Honestly, I am so enraged at times that I want to lash out and scream against all the injustices of this world. While there is a place for that (table-flipping is a part of our faith history), I find myself particularly challenged by the above USA TODAY article where Deeyah Khan, the Muslim filmmaker who was an integral part of the former KKK member’s conversion, describes what brought her to this place, “Khan, who says she had previously tried to combat fascism with angry demonstrations and in-your-face retorts, described her approach as a necessary way to retain her own humanity.

‘I don't believe it's the job of minorities to reform racists or to have to engage with their abusers,’ said Khan. ‘When we're confronted with people who hold such ugly views, who act out in such horrible and violent ways, it's hard to hold onto your own humanity. But I refuse to become like them.’"

Gregory Boyle, an ordained Jesuit priest, shares a similar message. He founded an organization called Homeboy Industries to help people involved in gang life find a better life. In his book Barking to the Choir, he shares what he has learned about convincing people to care about former gang members, “their enemies”: 

“I’ve learned from giving thousands of talks that you never appeal to the conscience of your audience but, rather, introduce them to their own goodness. I remember, in my earliest days, that I used to be so angry.

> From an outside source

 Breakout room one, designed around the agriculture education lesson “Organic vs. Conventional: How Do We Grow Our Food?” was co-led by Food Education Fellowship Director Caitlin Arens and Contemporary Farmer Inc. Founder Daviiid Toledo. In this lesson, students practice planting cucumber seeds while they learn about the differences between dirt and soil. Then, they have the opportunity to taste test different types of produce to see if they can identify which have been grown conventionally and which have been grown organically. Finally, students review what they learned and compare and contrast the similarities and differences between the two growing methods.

In talks, in op-ed pieces, in radio interviews, I shook my fist a lot. My speeches would rail against indifference and how the young men and women I buried seemed to matter less in the world than other lives. I eventually learned that shaking one’s fist at something doesn’t change it. Only love gets fists to open. Only love leads to a conjuring of kinship within reach of the actual lives we live.”

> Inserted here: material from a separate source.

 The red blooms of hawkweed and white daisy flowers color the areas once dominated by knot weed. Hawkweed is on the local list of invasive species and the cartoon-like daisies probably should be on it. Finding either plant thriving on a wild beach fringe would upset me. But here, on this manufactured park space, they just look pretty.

I have to believe that this is what Jesus was getting at in the Luke scripture. We are called to love all people, even our enemies, because our humanity and their humanity are at stake. We cannot forget who we are and that our goal is to foster a kinship between all God’s people. We are called to pray for our enemies, but we cannot pray with clenched fists. 

Let us be clear that this is not an invitation to water-down Jesus’ message of full inclusion and unconditional love for the most vulnerable in our society. This is not an opportunity for us to remain silent in the presence of hateful rhetoric that continues to plague our society. We cannot become complacent or apathetic. However, this is a call to evaluate if our means are getting us to our ends. Is our message able to be heard? Are we ultimately pushing people further away from us? Are we resisting in love?
Act
Look over your social media and reflect on your past conversations with fresh eyes. Are your fists clenched ready to fight or hands open ready to receive them when they seek a new way? Are you accomplishing the end goal of helping people to love others better, more like Christ?
Pray
Gracious God, help us not to compromise your message of love for all people. May we not fall into complacency, but continue the work of Jesus Christ to bring the outsider in. Embolden us in love to speak out and reach out, ever-increasing those who seek to love and serve you. Amen.